Because of the low flow resistance typical of well-developed karst aquifers, significant changes in both flow and groundwater chemistry, and associated water-rock interactions, occur over a variety of timescales. Under some conditions these changes can be rapid. Since aquifer dissolution rates, in turn, depend on the spatial and temporal variations in the chemistry of the through-flowing waters, investigating the nature of these changes is necessary to understand karst aquifer and landscape development. Using a new method that provides high frequency quantification of important carbonate water chemistry parameters, this paper reports on the results of a one year sampling program (May 5, 1995 to May 4, 1996) designed to understand rates and magnitudes of water and carbon dioxide fluxes within one of the major underground rivers of the humid-subtropical south-central Kentucky karst aquifer. Using this information we evaluate how these changes, at time scales ranging from minutes to months, impact conduit evolution and inorganic carbon transport through the aquifer. This work is being undertaken in cooperation with the International Geological Correlation Program, Project 379: " Karst Processes and the Global Carbon Cycle."

Field Site

Logsdon River is one of the major underground streams of south-central Kentucky's Mammoth Cave karst aquifer (Figure 1). Within the Proctor Cave section of the system, near the south-western known edge of the Mammoth Cave System, Logsdon River converges with Hawkins River, which drains about 75 km2 near Park City, Kentucky. Logsdon River drains the 25 km2 Cave City groundwater basin. Within Logsdon River, about 100 m upstream from the confluence of the two rivers, are two 15-cm diameter, 145-m deep observation wells intersecting the river (Figure 1). One well is equipped with a compressor-driven pump for collecting water samples from the surface, and through the other electronic probes deliver high-resolution (two-minute) data on stage, velocity, temperature, and specific conductance. The bottoms of the wells can be reached underground (for pump and probe installation and maintenance) through the Doyel Valley Entrance to Mammoth Cave, requiring a 3-km round-trip through the cave. The conduit at the Logsdon River well site is about 3 m tall and 7 m wide, and lies near the downstream end of one of the world's longest known sections of accessible underground river passage, continuously traversable for over 8 km.
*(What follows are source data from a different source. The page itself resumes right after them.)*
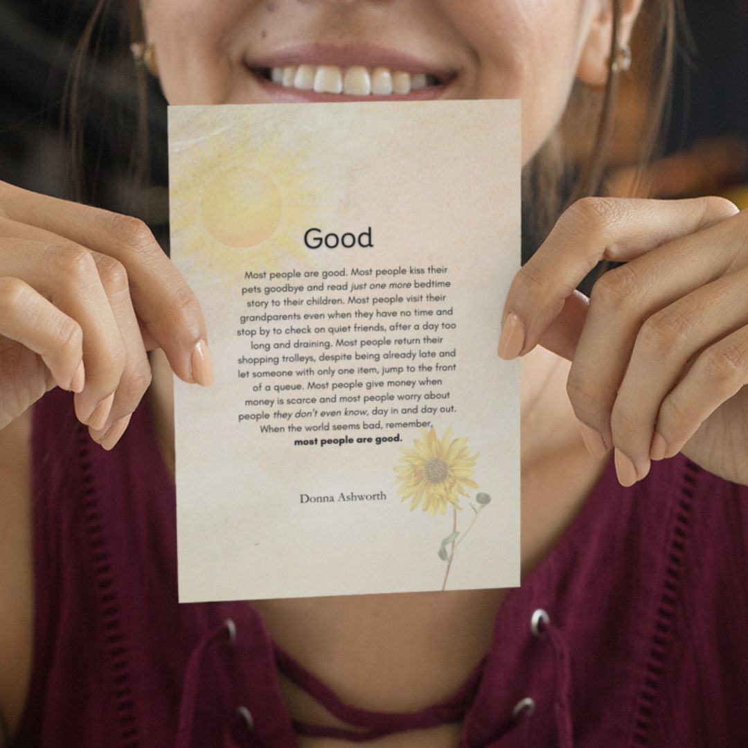 Reads: “Most people are good. Most people kiss their pets goodbye and read just one more bedtime story to their children. Most people visit their grandparents even when they have no time and stop by to check on quiet friends, after a day too long and draining. Most people return their shopping trolleys, despite being already late and let someone with only one item, jump to the front of a queue. Most people give money when money is scarce and most people worry about people they don’t even know, day in and day out. When the world seems bad, remember, most people are good.” Donna Ashworth
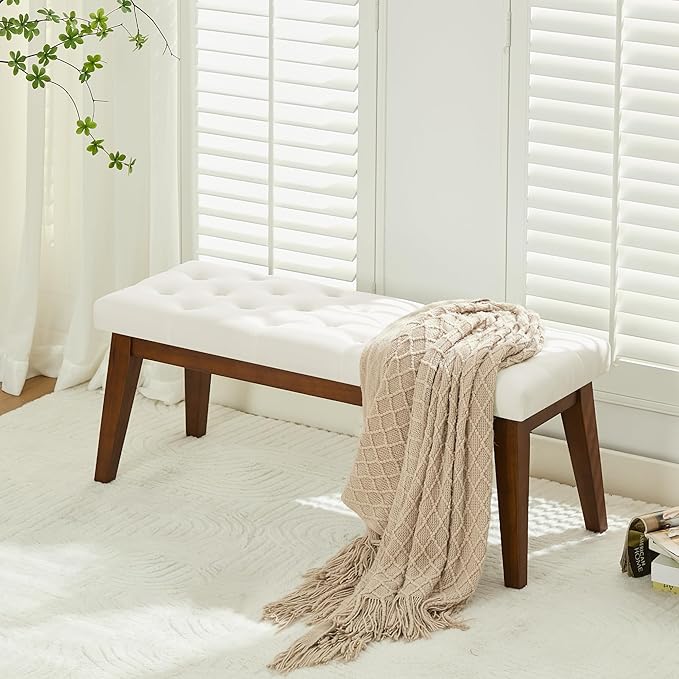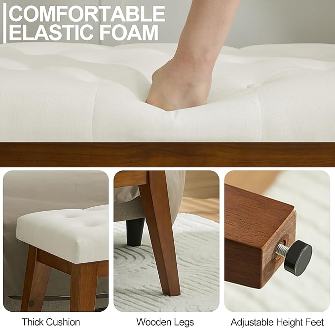 - Comfortable Seating with Thick Premium Cushioning: Designed with 4.1-inch high-density foam,this bed bench delivers exceptional comfort and support.Its thick cushion provides a plush,relaxing seating experience, making it perfect for bedrooms,entryways,or living spaces.
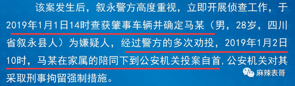 说2018年12月31日发生事故,第二天就确定了肇事车辆和嫌疑人,之后在多次劝投以后自首,并羁押嫌疑人。

Figure 1. Field site at Logsdon River, the main trunk flow path of the Cave City Basin of the Mammoth Cave karst aquifer. Another well just out of the picture to the left of the passage delivers probes that record flow and chemical conditions of the river with two-minute resolution.
Figure 1. Field site at Logsdon River, the main trunk flow path of the Cave City Basin of the Mammoth Cave karst aquifer. Another well just out of the picture to the left of the passage delivers probes that record flow and chemical conditions of the river with two-minute resolution.
Figure 1. Field site at Logsdon River, the main trunk flow path of the Cave City Basin of the Mammoth Cave karst aquifer. Another well just out of the picture to the left of the passage delivers probes that record flow and chemical conditions of the river with two-minute resolution. Photos by Chris Groves.

Methods

The primary objective of the research has been to collect sufficient high-resolution data on both flow and chemical characteristics of the river to quantitatively evaluate the magnitudes and rates of change of carbonate chemistry and water/rock interactions at a variety of time scales. Four probes are installed through the wells into each stream, including temperature, specific conductance, river stage, and velocity. A Campbell CR10 multi-channel data logger queries the probes every thirty seconds, and averages these readings every two minutes. Using an accurately surveyed passage cross-section at the well site, stage data were used to calculate flow cross-sectional area for discharge calculations.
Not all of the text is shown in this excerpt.